Running with a hangover.
Know the facts!
It has long been known that getting up and going for a run when one has overindulged in the Chablis is going to either “kill or cure” but do you know all the facts about Running whilst hungover?
Stop – think about it!
IT COULD BE VERY DANGEROUS!
If you get it wrong, you could spew on your hundred quid trainers!
First you need to ascertain, are you actually hungover or could you still be pissed?
There is a massive difference. You need to be very sure what you are dealing with.
A simple test is to put on a Taylor Swift Tune. If you start hopping around and pretending that you’ve got a microphone, then you are still pissed. If the sound of Taylor being all chirpy makes you want to strangle someone and vomit, then you are hungover.
Never run whilst still pissed. It can be extraordinarily dangerous. The owner of your local kebab shop may become very annoyed if you lick his windows, and demand that he open up at 9.00 am whilst wearing your Asics and fluorescent bum bag. Everyone knows that you can’t eat a kebab whilst running.
YOU MIGHT CHOKE!
Other problems that can arise from running whilst still pissed are
Falling over kerbs
Getting run over.
Talking to ninety two year old Mrs Smith from up the road about men you’d quite like to bang.
Scaring people with your breath.
Getting thrown out of park run for tripping people up whilst shouting “HA,TRY BEATING ME NOW MOTHERFUCKER!”
Failing to set your Runkeeper/Garmin/ properly so that you fail to record your running prowess.
Talking to the lady on Runkeeper and telling her that she is in fact wrong about how far you’ve run and you are actually running much fucking faster than she has suggested.
Dancing and singing loudly to music that you can hear through earphones that no fucker else can.
Having a little cry when Adele comes on in your earphones.
Hopping aboard a barge on your local run down the canal to pretend to be Rose on the Titanic.
The test of a true hangover is to get a nice policeman to get you to blow in the bag.
I approached a policeman, sat in his van this morning on Brooklands Road and he didn’t seem keen on giving me a breath test “in the name of science or for any other fucking reason!”
You’re going to have to make the call yourself with the Taylor Swift thing.
Once you have ascertained that you do in fact have a hangover, Here are some top tips.
Plan your route well. Make sure that if you are going to vomit in someone’s garden, that it’s someone that you aren’t keen on.
Keep away from canals as cyclists don’t take kindly to being forced off the tow path and into the water.
The Geese at the moment are particularly violent which fucks with your head when hungover. Trying to headbut the little bastards whilst hanging out of your arse is particularly difficult.
Make sure you’ve got the right kit – you will need your oldest running clothes on and the following;
Fluids, it might be wise to take a shopping trolley full of large bottles Of Lucozade Sport and water for all your hydration needs. You can borrow one from your local Aldi, they won’t mind.

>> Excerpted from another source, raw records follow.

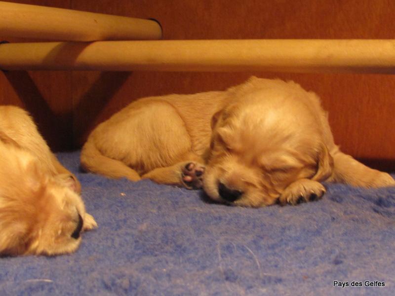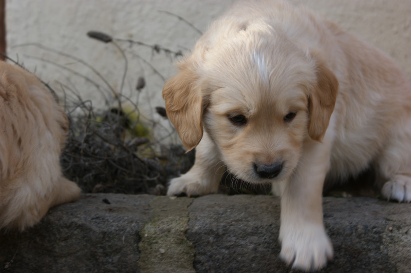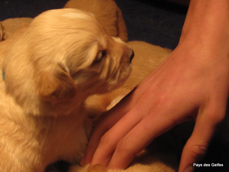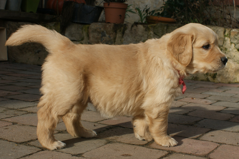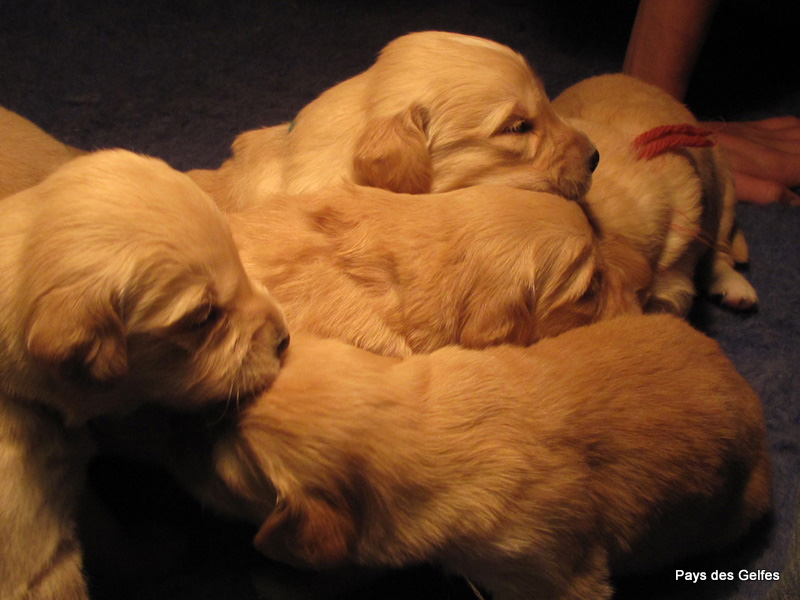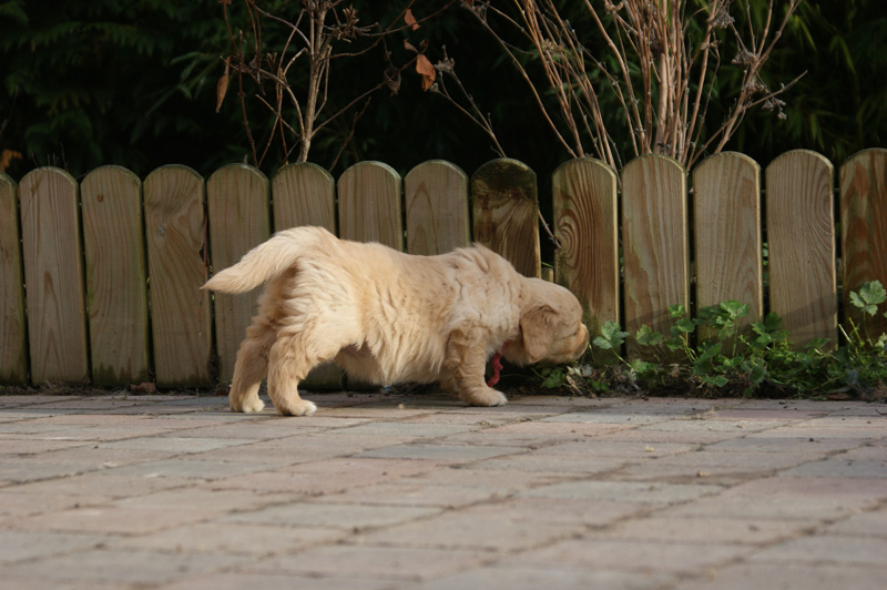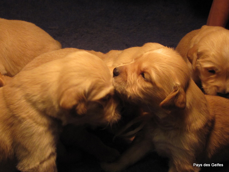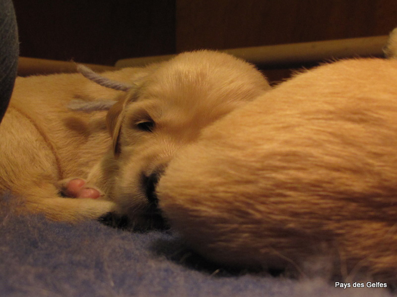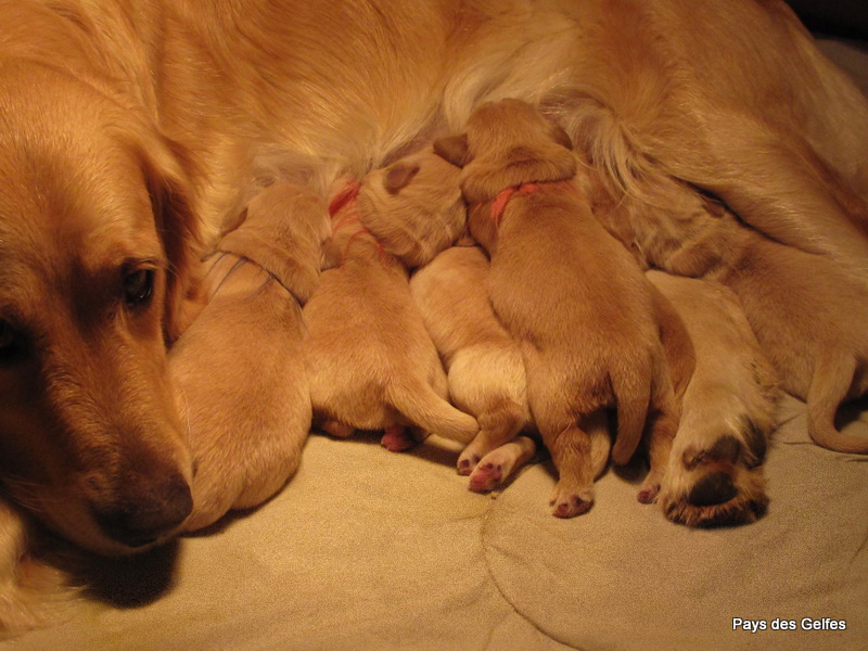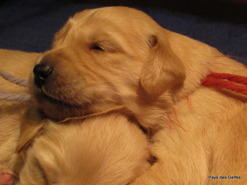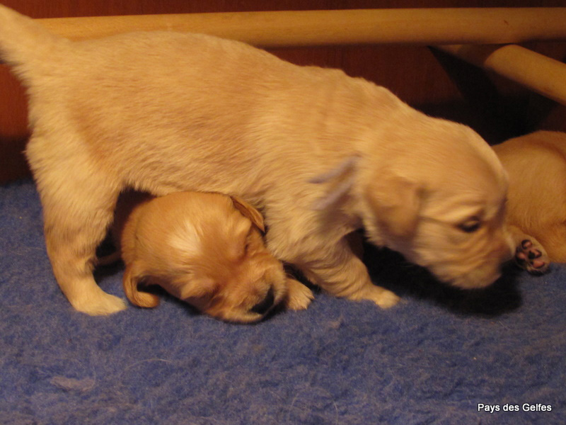Merci, Jean, pour l'immense confiance que tu nous fais en nous confiant Nousch ! Les petits sont attendus pour la fin novembre. Le Papa fait partie de l'équipe des Fields de Mauny désormais, magnifique jeune golden fauve orangé, il a pour père Vaillant des Fields de Mauny, et pour mère Acouna des Mystères de l'Ouest. Joyeux et très équilibré, il a été remarqué à la nartionale d'élevage de Sully sur Loire en septembre 2009, récompensé par une première place excellente classe Jeune.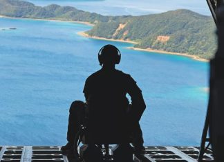 Fytyrat e tyre të lyera me të gjelbër dhe të zezë, disa me raketa Stinger në shpinë, ushtarëte “Darkside” – batalionit të 3-të të regjimentit të 4-të detar të Amerikës – hipën në helikopterë...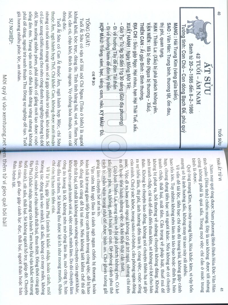 (Lưu ý: Thái Ất Tử Vi được chúng tôi scan từ sách, do đó mỗi tuổi sẽ có nhiều trang, quý vị xem xong hãy nhấn vào trang tiếp theo để xem hết phần tuổi muốn xem. Nếu quý vị xem bằng điện thoại thì hãy kéo qua lại để xem phần bị khuất.)
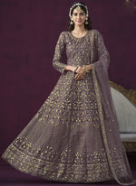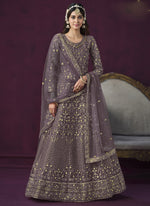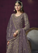 Vegaa Fashion Designer Purple Net Embroidery Anarkali Suit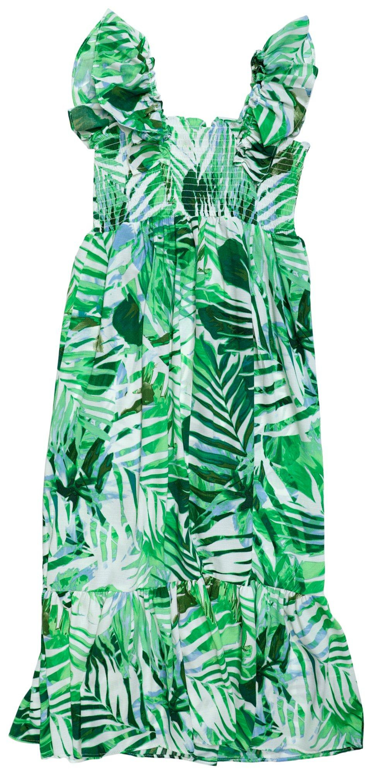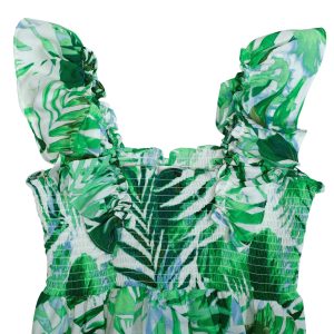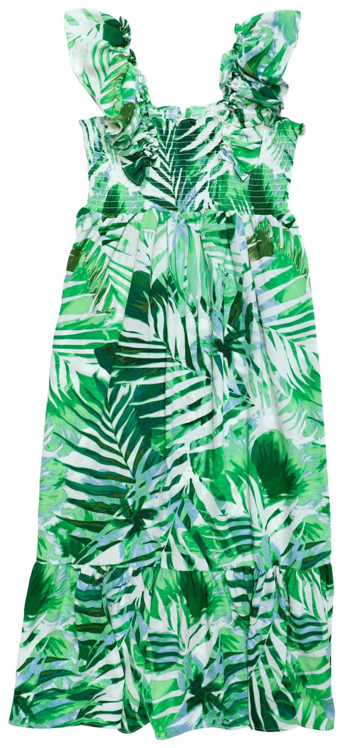 This sleeveless Bonnie Jeans smock sundress is a stylish choice for big girls who love effortless elegance. Featuring a chic green leaf pattern, its perfect for Easter, family gatherings, or Sundays best. The smocked bodice provides a flattering fit, while the breezy fabric keeps it comfortable for all-day wear. Pair it with a classic denim jacket for a trendy layered look thats perfect for cooler evenings or a casual yet polished vibe!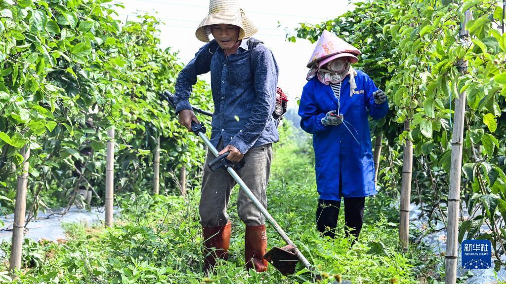 在钦州市钦南区犀牛脚镇乌雷村,村民护理黄金百香果园(5月25日摄)。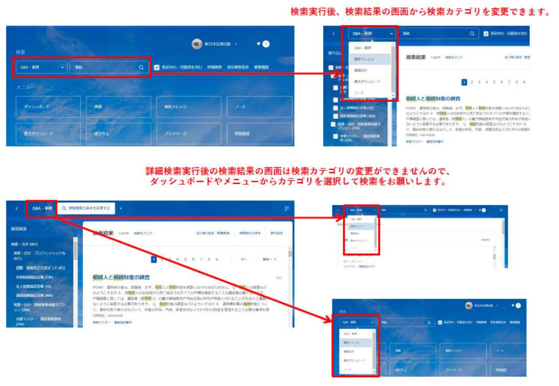 ご利用ガイドの見出し「検索結果一覧(Q&A・事例)」以下にも記載しています。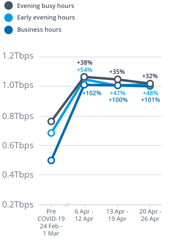 - Weekly upload throughput peak of 1.02Tbps recorded on Friday, 24 April during the Evening Busy Hours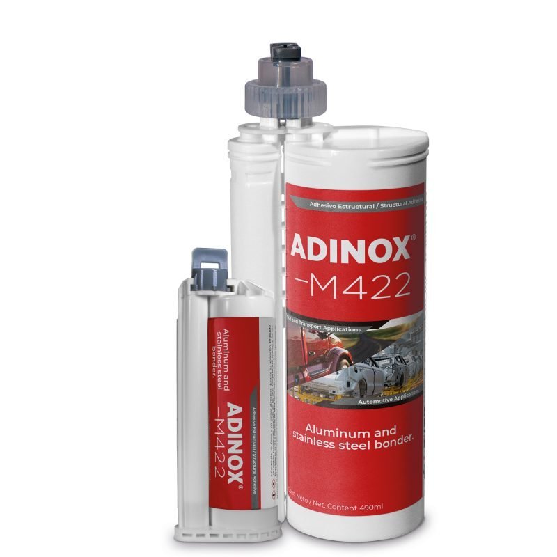 Adhesivo estructural de metacrilato ADINOX M422. Adhesivo de metacrilato de dos componentes, diseñado para la unión estructural de metales, termoplásticos y composites. Aumenta la resistencia a vibraciones, fatiga e impacto a tus ensambles.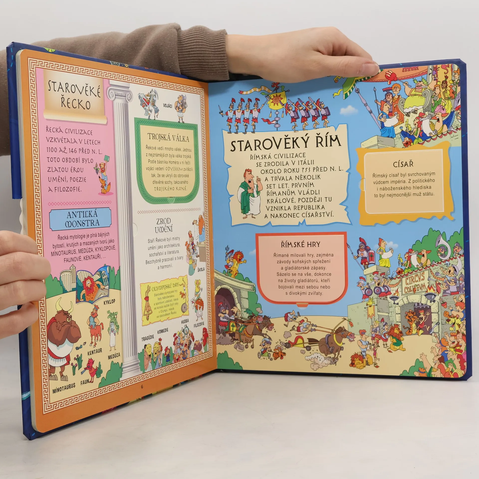 Moje první dějiny světa jsou veselou, bohatě ilustrovanou vzdělávací knihou pro všechny zvídavé děti, které chtějí poznat historii lidstva. Vydejte se s námi na cestu po proudu dějin skrze jeskyně pravěkých lidí, písky starého Egypta, římskou arénu s gladiátory nebo středověkou tržnici až do časů párou prodchnuté průmyslové revoluce, odkud už je to jen krůček k letu na Měsíc. Na cestě se dovíte spoustu zajímavostí a nebude chybět ani zábavný interaktivní kvíz na závěr.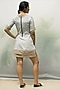 Featuring a grey dress in cotton poplin base with geometric detailing and checkered facing on the sleeves. It has a zip closure at the back.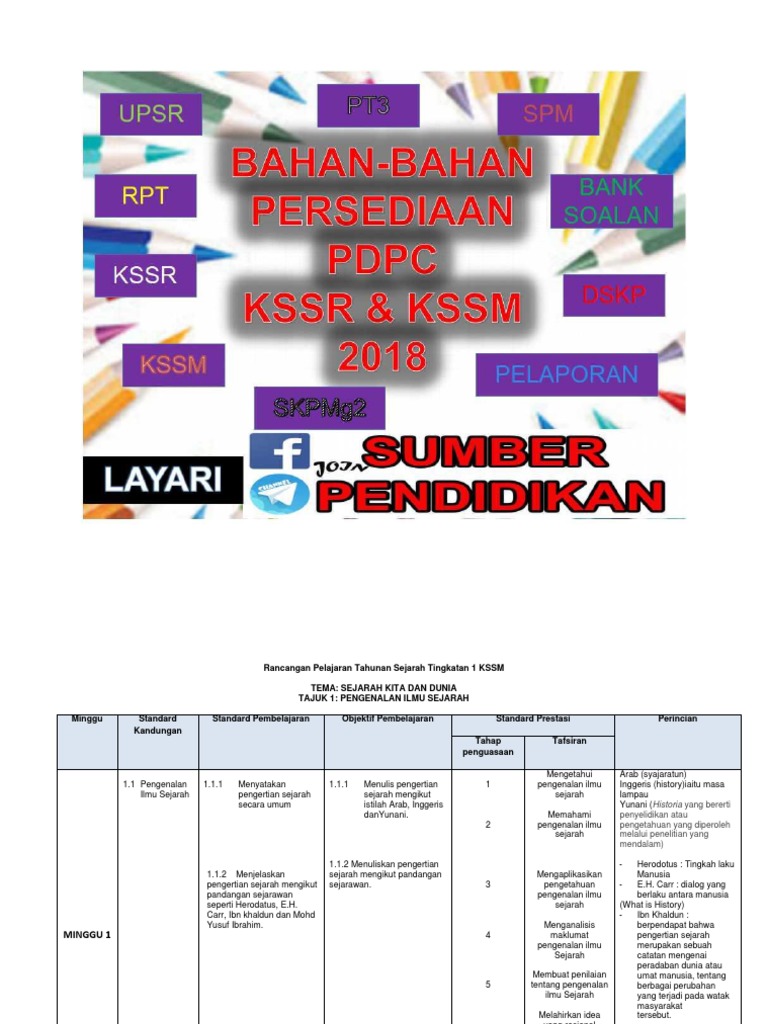 Rpt Kssm Tingkatan 1 Sejarah 2018
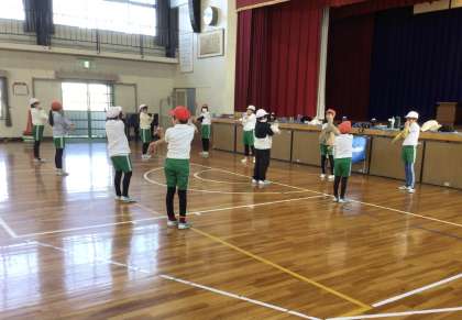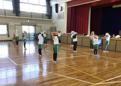 5年生の体育です。授業の最初に体育係の号令で、準備運動やストレッチを行なっています。しっかり体が動かせるように、けがをしないように準備を万全にしています。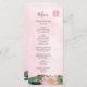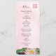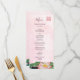 This modern Chinese wedding menu card features a watercolor lotus flower on a pink watercolor background and a pink double happiness symbol on a cream background. With custom bride and groom names, the wedding date and a custom menu text. On the backside are the initials to change.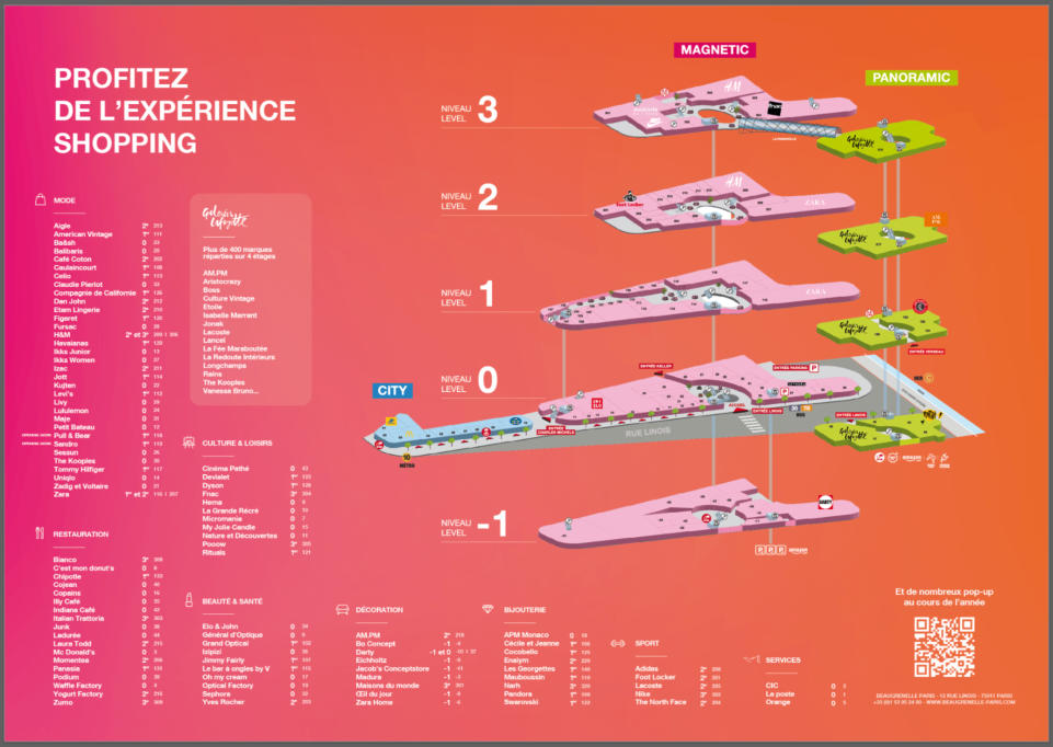 A ADIDAS AIGLE AMPM APM Monaco B BA&SH BALIBARIS BO CONCEPT C C'EST MON DONUTS CAFE COTON CECILE ET JEANNE CELIO CHIPOTLE CIC CINÉMA CLAUDIE PIERLOT COCOBELLO COJEAN COMPAGNIE DE CALIFORNIE COPAINS D DARTY DEVIALET DYSON E EICHHOLTZ ENAYIM ETAM LINGERIE F FIGARET FNAC FOOT LOCKER G GALERIES LAFAYETTE GRAND OPTICAL H H&M HARCOURT HEMA HOMER LOBSTER I ILLY CAFE INDIANA ITALIAN TRATTORIA IZAC J Jacob's Concepstore JIMMY FAIRLY JONAK JOTT JUNK K KRISPY KREME KUJTEN

Toilet roll, in case you need a shit.
Clean pants in case you get caught short and shit yourself.
A first aid kit, in case of running related injuries. You can put this in the shopping trolley with your nine pack of toilet roll and spare clothes.
A good friend to take photos of you, should you fall and to moan incessantly to about how unbelievably ill you feel. If they are a very good friend, they can also assure you that any fears you have about the previous evening are unfounded.
A hat and sun glasses to disguise your shame.
A hair of the dog and a packet of crisps waiting for you at home.
Now, if you see a Lycra clad, fluorescent bum bag wearing runner that looks like they could have shit their pants pushing a supermarket trolley overloaded with water, Lucozade sport and being followed by two pissed off looking Canadian Geese, heading towards a kebab shop, you will know that they had a pretty fucking heavy night out, last night!